LA Dance Project Visits Charleston
More Coverage of Annual Spoleto Festival USA
By: Sandy Katz - Jun 08, 2016
The L.A. Dance Project dancers performed with modern contemporary music and demonstrated their classic ballet-style mesmerizing the Spoleto Festival audience. They used all the moves that make watching dancers so enjoyable.
The six dancers were joined by two more dancers for the last piece. Exhausting rehearsals paid off with a dance group that doesn't miss a beat. The group of dancers performed three sets, 20 minute each, with 20 minute intermissions. The segments included: Murder Ballades, Harbor Me and Hearts & Arrows. Each of the three pieces stood on its own and sent individual messages through fanciful and graceful moves.
Murder Ballades was choreographed by Justin Peck to the score of Bryce Dessner with costume design by Peck. Anticipating a very athletic segment, the six dancers were dressed in sneakers and casual summer clothes with shorts and tops. The dancers twisted, turned, leaped, went to the floor, and performed precision antics depicting dark connotations of murder, yet the backdrop on stage was pleasantly colorful.
Among the young and talented dancers one young lady, a graduate of Juilliard School, Julia Eichten who struck me as particularly special. Her brunette pony tail seemed to keep swishing around and coordinate with her dancing in a most enjoyable way.
Coincidentally, during the first intermission, a lovely woman asked if I was reviewing this performance and I answered yes. Then she came by again to strike up a conversation by telling me she was Julia's mom here to see her daughter perform. She was on her way back to Minnesota from Florida. She didn't need to bribe me into writing about her daughter because I showed her on my writing pad that I already acknowledged Julia out as special.
The other dancers included: Stephanie Amureo, Laura Bachman, Anthony Bryant, Aaron Carr, Morgan Lugo, Nathan Makolandra, Robbie Moore, and Lilja Rachelle Ruriksdottir.

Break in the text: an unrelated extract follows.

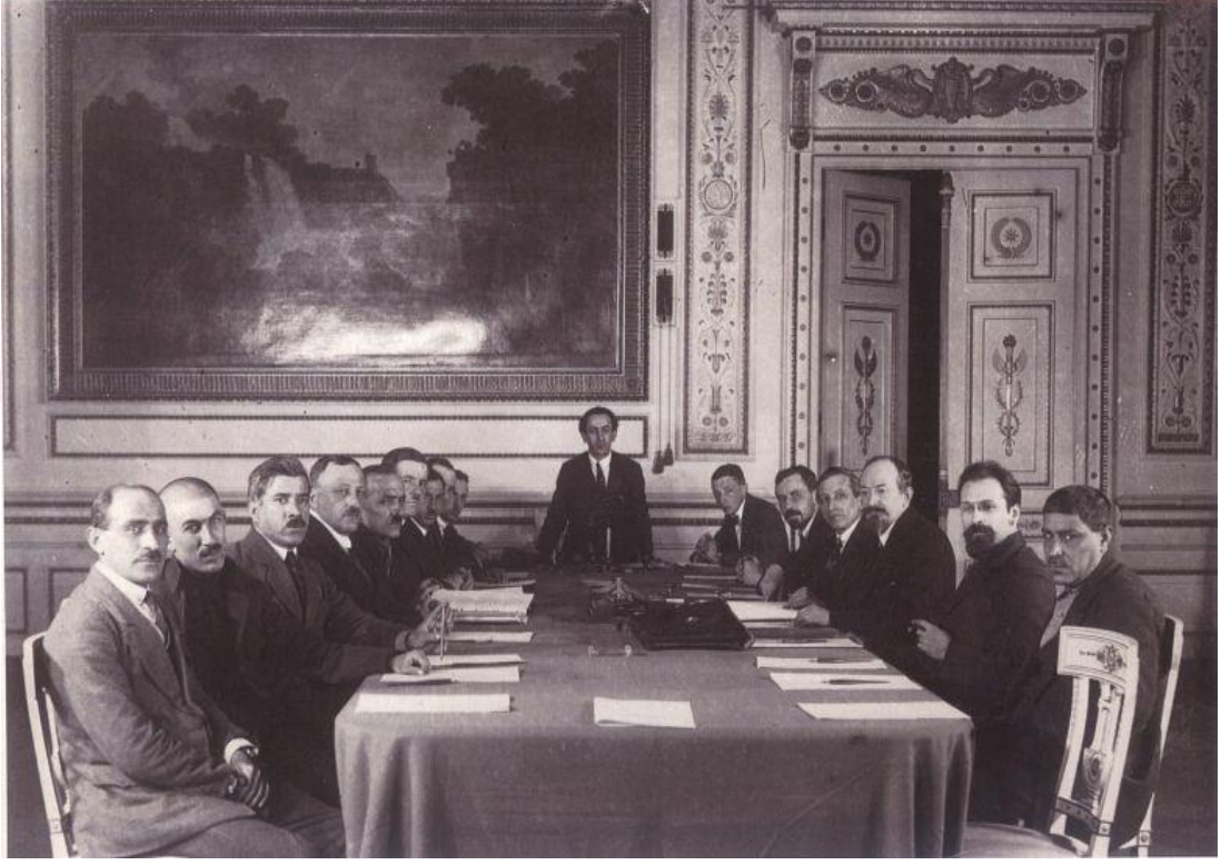
Dr. Rıza Nur Bey, Yusuf Kemal Bey, Ali Fuat Paşa, Georgi Çiçerin ve Celalettin Asildaroğlu Korkmazov, Moskova Müzakereleri Sırasında

Harbor Me was choreographed by Sidi Larbi Cherkaoui to the music of Extension, Park Woojae Geomugo. This music sounded agonizing like a Yiddish kvetch. The stage was mostly dark with slight illumination from lights filtered through smoke. The dancers spent lots of time rolling around on the floor in geometric pattern wrapping around each other. This movement upstaged the dancers because the lack of lighting was a distraction and made it difficult to see the actual performance.
The finale was a fun-filled dance presentation by choreographer Benjamin Millepied, founding director of L.A.Dance Project. He used the music of Phillip Glass who has been featured for many years at Spoleto Festival USA. This time we heard String Quartet no. 3 "Mishima" as the music that projected the group into mini outbursts of dance energy/ They were coming on and off stage in a blink of an eye. The dancers had individual and duet and ensemble segments that complemented their assets. Whimsical, cute costumes accentuated their flips and splits.
This ambitious and remarkable company took Spoleto Festival USA by storm.Y'all come back!